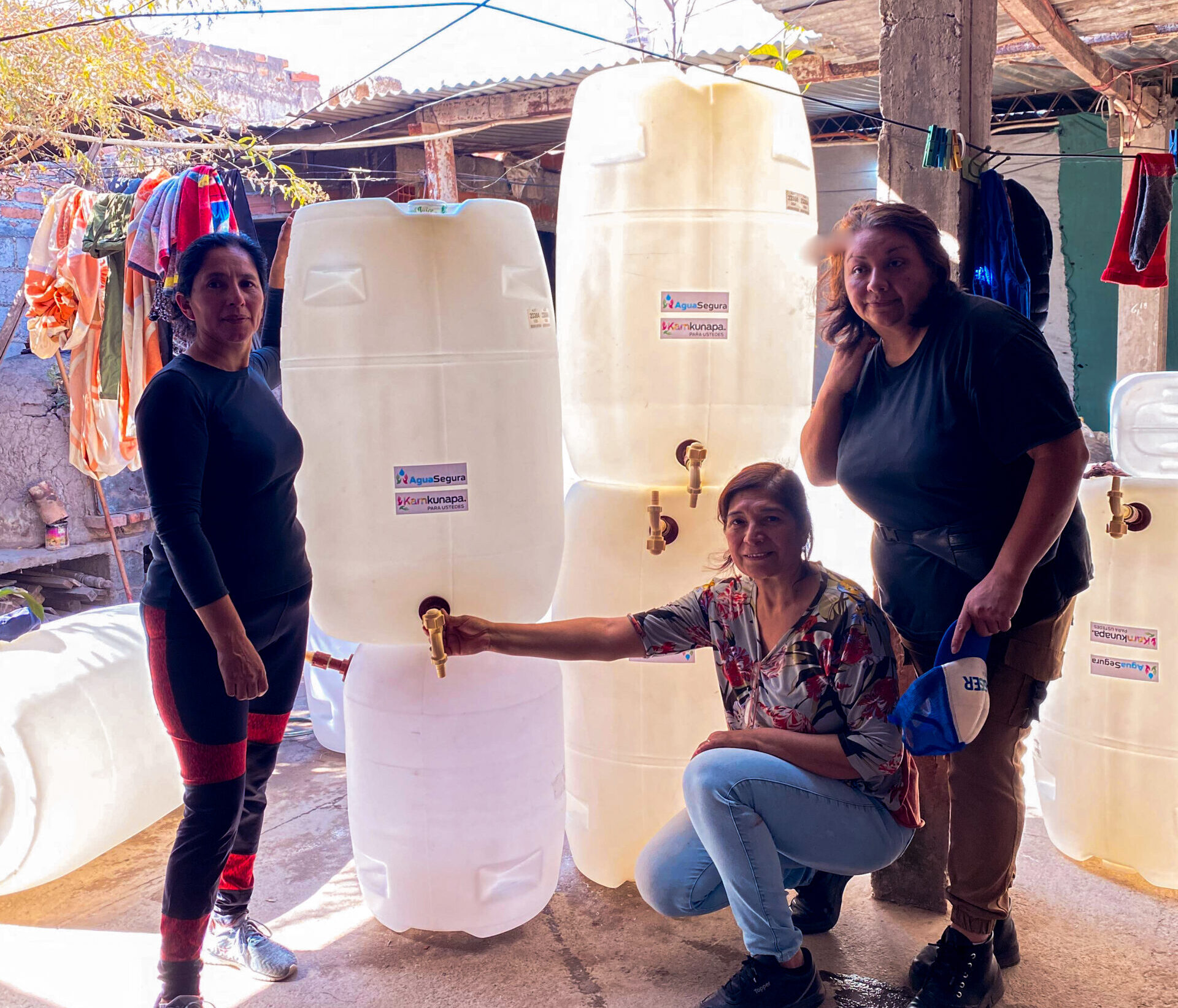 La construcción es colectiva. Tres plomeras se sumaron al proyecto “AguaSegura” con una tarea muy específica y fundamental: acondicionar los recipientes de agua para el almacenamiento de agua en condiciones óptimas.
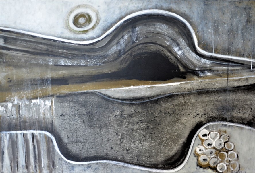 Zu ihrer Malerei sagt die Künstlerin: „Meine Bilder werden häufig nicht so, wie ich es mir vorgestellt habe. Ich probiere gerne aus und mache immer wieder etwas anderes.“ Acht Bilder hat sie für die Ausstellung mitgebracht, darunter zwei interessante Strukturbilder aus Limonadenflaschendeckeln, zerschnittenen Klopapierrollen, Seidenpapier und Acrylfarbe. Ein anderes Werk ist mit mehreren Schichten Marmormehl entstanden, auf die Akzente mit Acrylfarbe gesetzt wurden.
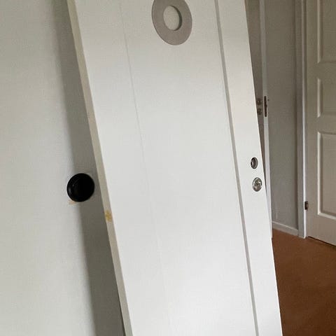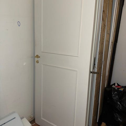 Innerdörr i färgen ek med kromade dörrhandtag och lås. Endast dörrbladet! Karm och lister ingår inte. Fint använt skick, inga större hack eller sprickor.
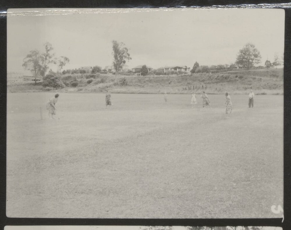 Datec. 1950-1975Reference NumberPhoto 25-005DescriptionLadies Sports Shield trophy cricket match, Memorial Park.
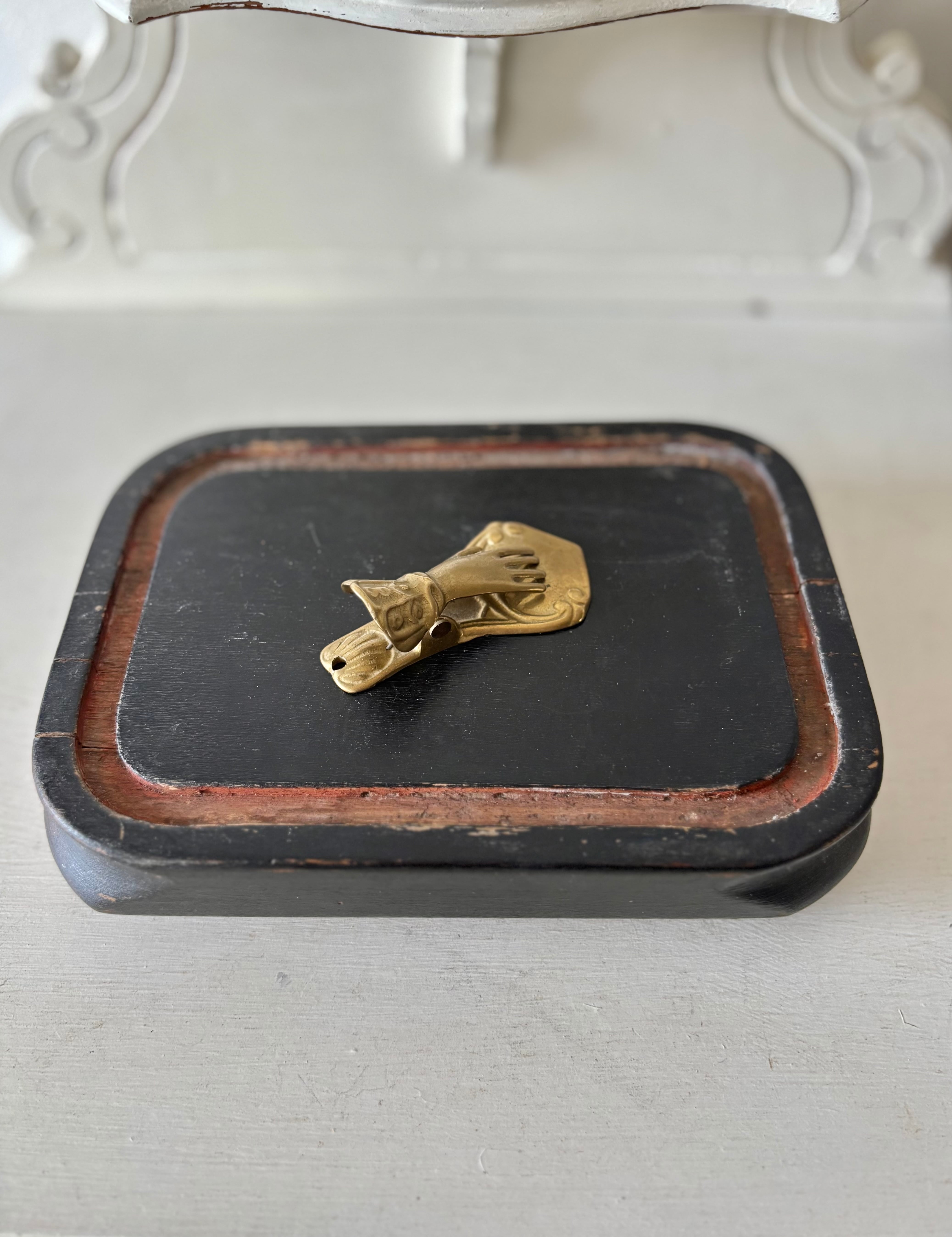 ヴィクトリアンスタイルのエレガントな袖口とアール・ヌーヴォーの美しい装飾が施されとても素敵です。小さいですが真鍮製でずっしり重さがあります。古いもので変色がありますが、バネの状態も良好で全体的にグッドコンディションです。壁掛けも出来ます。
--
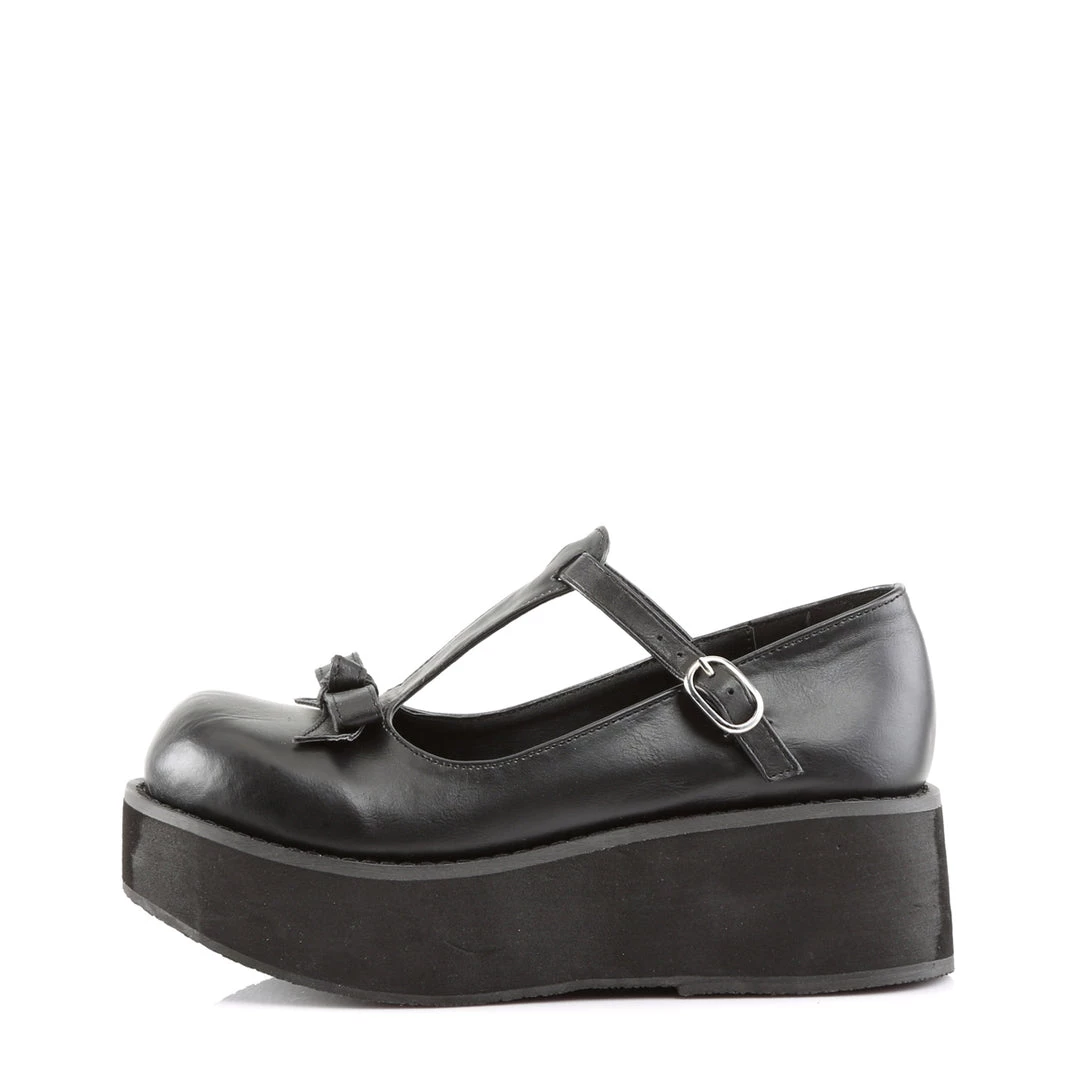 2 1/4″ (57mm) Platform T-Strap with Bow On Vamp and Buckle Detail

What to produce - Taking the entries above, extract every line from the one bearing "La construcción es" through the one bearing "Innerdörr i färgen", exactly, with no pictures.

Exercise output -
 La construcción es colectiva. Tres plomeras se sumaron al proyecto “AguaSegura” con una tarea muy específica y fundamental: acondicionar los recipientes de agua para el almacenamiento de agua en condiciones óptimas.
 Zu ihrer Malerei sagt die Künstlerin: „Meine Bilder werden häufig nicht so, wie ich es mir vorgestellt habe. Ich probiere gerne aus und mache immer wieder etwas anderes.“ Acht Bilder hat sie für die Ausstellung mitgebracht, darunter zwei interessante Strukturbilder aus Limonadenflaschendeckeln, zerschnittenen Klopapierrollen, Seidenpapier und Acrylfarbe. Ein anderes Werk ist mit mehreren Schichten Marmormehl entstanden, auf die Akzente mit Acrylfarbe gesetzt wurden.
 Innerdörr i färgen ek med kromade dörrhandtag och lås. Endast dörrbladet! Karm och lister ingår inte. Fint använt skick, inga större hack eller sprickor.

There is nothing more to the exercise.